2 months ago, too much was going to the shops for groceries or having to do after school activities
I was finding your post very positive. I'm in the beginning of my 4th month and some days have been getting better and some days I find it pretty hard at times. I'm still learning about PA B12D. inj eod and today I tried a 1/2 ml on the day that I don't normally inj.. I'm still very tired and have my up moments but I felt I needed to try and see if maybe I need an extra 1/2 ml on some days.
my question if I may ask is how long did you go deficient or that you could tell you were deficient. and what kind of symptoms did you get. thats so hopefull that you have done so well. your comments will help..
I’m glad to hear you’re doing a bit better! Progress is small but good.
I don’t really know how long I was deficient for.
My big crash where I collapsed at work was in March 2024 (serum level 172pmol/l). August 2023 my level was at 180pmol/l but I was focused on iron levels, and the doctor just noted that my “B12 was slightly low”.
I had been feeling particularly exhausted and a bit breathless on exertion since about April 2023, but honestly put it down to iron because I’ve always had trouble with it.
All my other symptoms (eyesight changes, memory issues, muscle weakness, gut issues, anxiety) really crept up on me slowly and so I didn’t know they were linked until I looked into PA after I started receiving injections.
So, at a guess, I would say that I was deficient for maybe 2 or 3 years? It’s hard because there is no date where everything started.

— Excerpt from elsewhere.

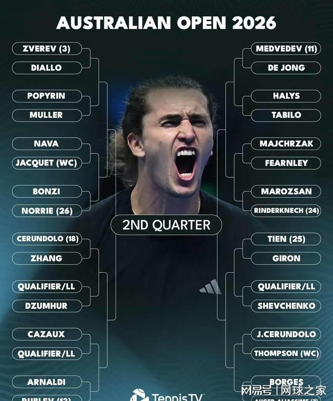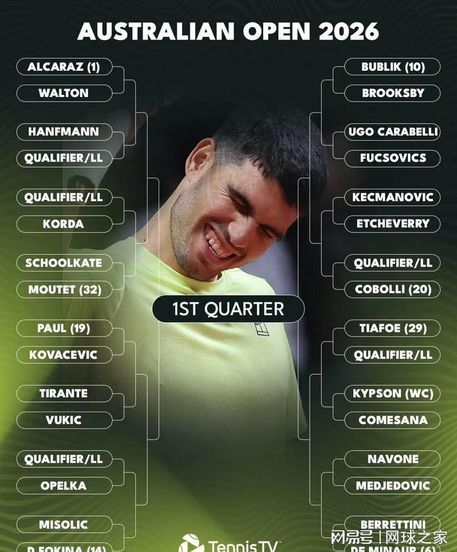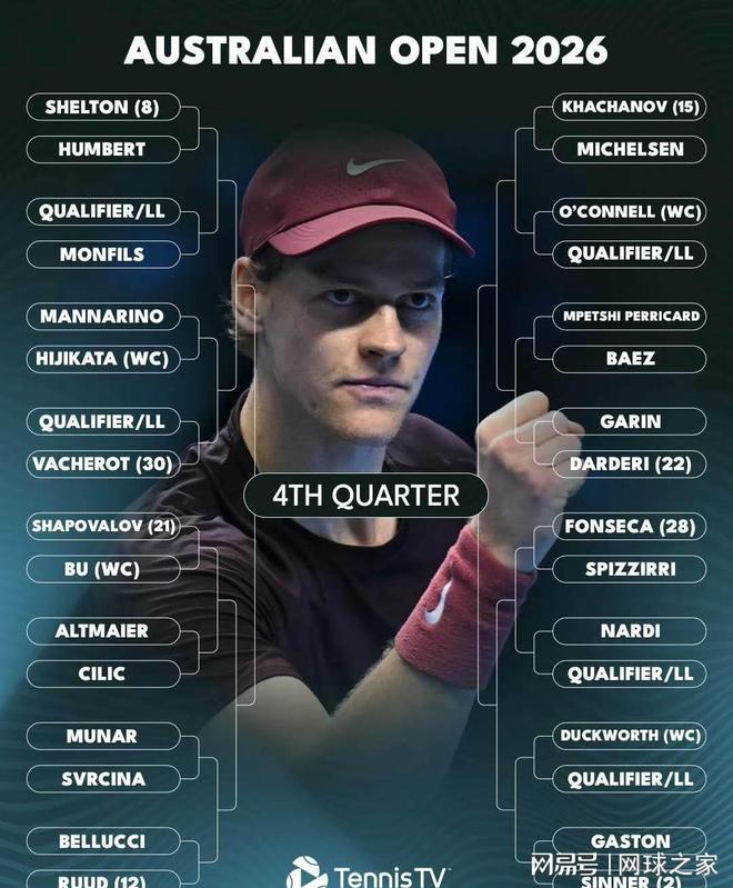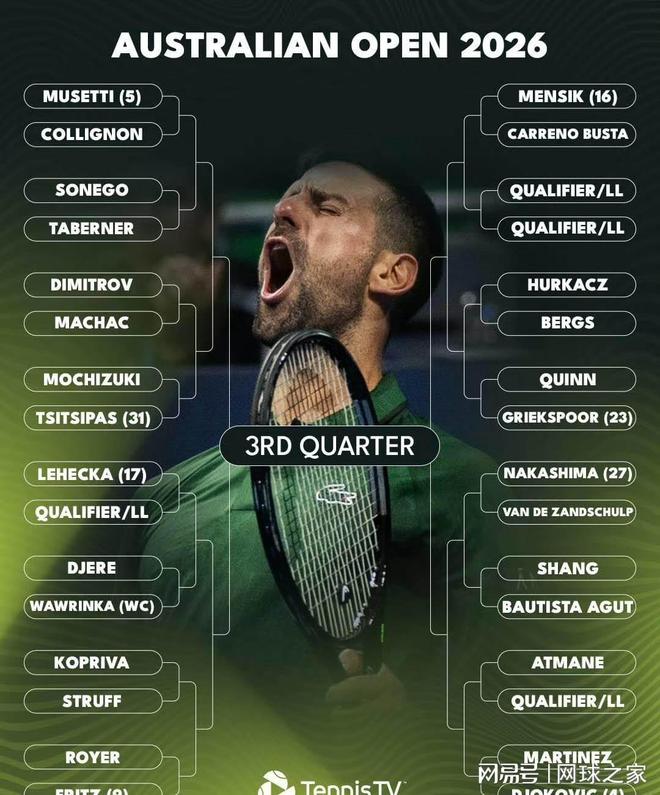 澳网签表公布:德约辛纳同区,阿卡直通四强!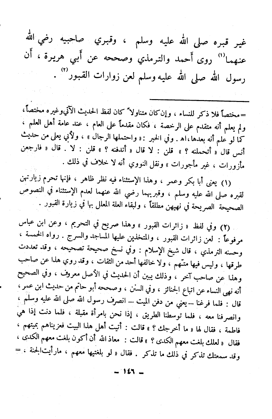 (¬2) وفي لفظ «زائرات القبور» وهذا صريح في التحريم، وعن ابن عباس مرفوعًا: لعن زائرات القبور، والمتخذين عليها المساجد والسرج. رواه الخمسة، وحسنه الترمذي، قال شيخ الإسلام: وفي نسخ صحيحة تصحيحه، وقد تعددت طرقها، وليس فيها متهم، ولا خالفها أحد من الثقات، وقد روي هذا عن صاحب وهذا عن صاحب آخر، وذلك يبين أن الحديث في الأصل معروف، وفي الصحيح أنه نهى النساء عن اتباع الجنائز، وفي السنن، وصححه أبو حاتم من حديث ابن عمر، قال: فلما فرغنا – يعني من دفن الميت – انصرف رسول الله صلى الله عليه وسلم، وانصرفنا معه، فلما توسطنا الطريق، إذا نحن بامرأة مقبلة، فلما دنت إذا هي فاطمة، فقال لها «ما أخرجك؟» قالت: أتيت أهل هذا البيت فعزيناهم بميتهم، فقال «لعلك بلغت معهم الكدى؟» قالت: معاذ الله أن أكون بلغت معهم الكدى، وقد سمعتك تذكر في ذلك ما تذكر. فقال «لو بلغتيها معهم، ما رأيت الجنة، حتى يراها جد أبيك» وقد فسر الكدى بالقبور، وبالأرض الصلبة، لأن مقابرهم كانت في مواضع صلبة، والنبي صلى الله عليه وسلم علل الإذن للرجال بأن ذلك يذكر بالموت، ويرقق القلب، ويدمع العين.

Oh thank you for your reply , yes I too had a collaps at work last year early but I noticed signs about 6 to 7 years ago honestly that I thought were menopause beginning and things just kept getting worse. so i do have neuro healing as well and mood is getting better too, I was never a anxiety person and very active with work and exercise and helping others, but everything changed and was at the end of my rope and had to retire and had been to every kind of specialist. so now I have answered prayers with the PA b12D and this forum to learn from. it seems this forth month as I can tell from reading everyones post can be on of the most difficult or up to 4 to 5 months. So I'm hoping and praying that this is true for most of us.
Oh I do so feel for you❤️. It's awful feeling in limbo with all the unknowns that go with symptoms.
Not helped by the medical establishment's labelling us as imagining it and the difficulty of friends and family in understanding how hard it is.
I got angry scared and depressed (and sometimes still do...)
I hope you know there are so many of us here who can sympathise with you.
The great thing is that you're starting something that should ultimately lead you towards improvements. The tough part is it takes time and you can't always see the improvement.
As others have suggested trying a symptom diary to help you feel hope and progress.
And give your days extra cuddles. I have to borrow a neighbour's visiting cat.